Losing Luggage during the Holidays

The long awaited break was finally here. I made it to the most wonderful time of the year where the only thing on my lesson plan is guilt-free breathing, fun, relaxation and spending time with my family. This Christmas also came with a surprise. One of my presents came as soon as the break started. Friday, December 20, the last day of school for the year, I got some new luggage to carry - Perfect timing for traveling through the holiday season.



I began enthusiastically making plans and envisioning the future and I couldn’t wait to share news of the luggage I was carrying with my husband. The next day, one of my line sisters noticed my new luggage and I giggled with joy. I still only shared it with two other people who are also carrying new luggage. Then boom, throughout my holiday travels, I lost my luggage.


I had not planned on losing my luggage just a week after finding out about it to begin with. I planned to go back to work next Monday and everyone would eventually know why Mrs. Handy  was putting on all this weight. Everyone would be gentle and caring with me because they would know what I was carrying. I would join in with the joy of two of my line sisters who are also carrying (unless there’s more that we don’t know about yet šŸ‘€). I could take a break from the harsh periods that make me wish we still lived in the Bible days where women couldn’t go out during their cycle.

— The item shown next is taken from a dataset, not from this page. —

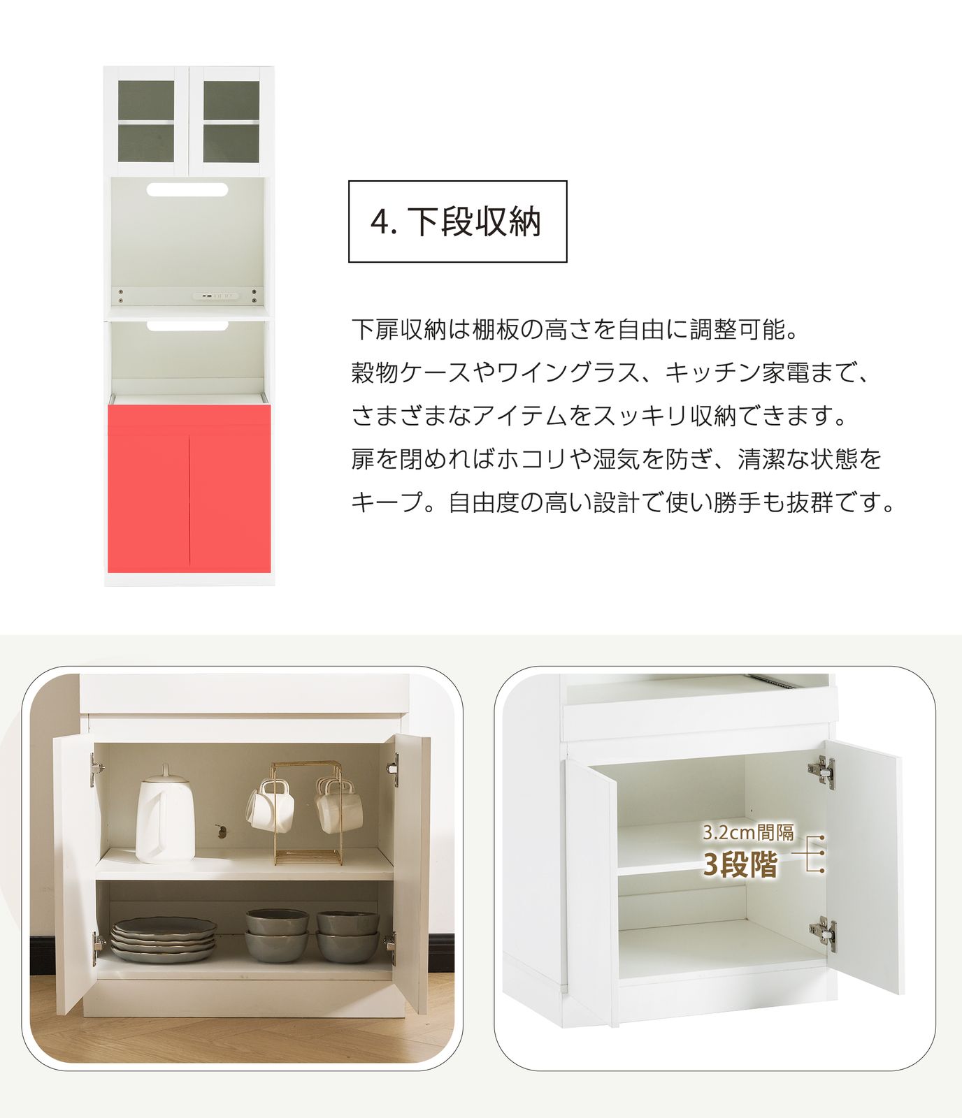 【可動棚で自在に調整】 収納物の高さに合わせて棚板の位置を調整可能。棚板を外して使うこともできるため、大きめの調理家電や背の高いアイテムにも対応します。

I could safely tie my tubes because this would be the last and final baby from our household. Lastly, I hopefully would finally have my baby girl. But…I lost my luggage. When you lose luggage, you don’t know it yet. You’re just standing there longer than everyone, watching everyone else grab their luggage and go live their normal lives or go enjoy their vacation. You wait and wait for your turn and then you realize your vacation is about to change. You have to lose time from your vacation running around trying to figure out your next steps. You go to your hotel room with sadness instead of excitement to embark upon excursions. You wait to see if your luggage has been recovered or if it’s gone for good. Well, my luggage was gone for good. No one would see my need for the same love, care, and gentleness as if I was still pregnant. You don’t get maternity leave for not being pregnant anymore. I used up all my grief days. There’s no other days for losing a child that wasn’t even old enough to publicly announce its existence. At least I still have a week of break huh, just enough time to hurry up and get over the pain so I can get back to “normal” bright and early next Monday morning, right.

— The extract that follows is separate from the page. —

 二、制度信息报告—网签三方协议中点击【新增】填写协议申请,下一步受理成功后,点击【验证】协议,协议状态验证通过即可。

I’ve had miscarriages before but during Christmas time, and when I’m supposed to be celebrating my youngest baby’s 2nd birthday? Why? I tried my best this time. As soon as I found out, I tried to take it easy. I was careful not to do strenuous activities, I ate more veggies, drank more water, I was hopeful! I was positive about being positive. I am pregnant. I am going to have this baby. Daily I would look after using the bathroom to make sure we were still good. No blood. We’re good. We’re going to have this baby. Then…I lost my luggage.

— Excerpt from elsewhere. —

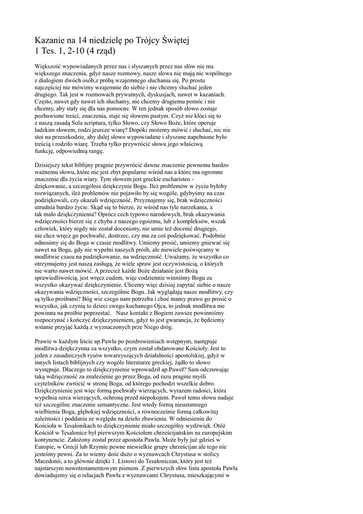 Kazanie na 14 niedzielę po Trójcy Świętej 1 Tes. 1, 2

First came the “why” and “who did I think I was”. I’m 39 and I’m already losing it with the three children that I have now. My husband and I are stupid busy working in education, finishing our doctorate degrees and working actively in Greek organizations while raising three young boys. And I had the nerve to think that I, of all people, could carry another baby. Was I not satisfied? Of course I was. Which makes it more heartbreaking. Did I not have a right to desire a girl? I was good with the three boys. I could’ve just kept traveling through life. Why did I have to get pregnant again just to lose it again? Only a handful of people know that I just lost another baby near the end of the last school year. I was out of school for a week and a half. Maybe this had to happen because although I was content with living life as a family of five, in the back of my mind, I was still very open to having one more. Maybe God needed me to go through this to decide in my heart that I absolutely do not want to be pregnant ever again (so please don’t ever ask us again anything about another baby). Maybe God needed us to see all the things that it would be impossible or unnecessarily difficult  for us to focus on and finish with another baby. Maybe there’s a whole lot of things that we still need to do that we don’t even know yet. Maybe 2025 should be focusing on us being healthy spiritually, physically, and emotionally. Maybe losing this luggage was a reminder that there’s some baggage that I can’t carry into the new year; friendships that haven’t been nurtured for years, disobedience to God, neglect of gifts, etc. It’s okay to let go of a dream of carrying on some “legacy” other than God’s plan. When I was Coming to America through birth, it was only to fulfill God’s purpose. “I almost forgot that I was here in a domestic capacity”…to serve others and serve the Lord that gives and takes away. The heartache is huge but Blessed be the name of the Lord, in the highlands and the heartache, all the same!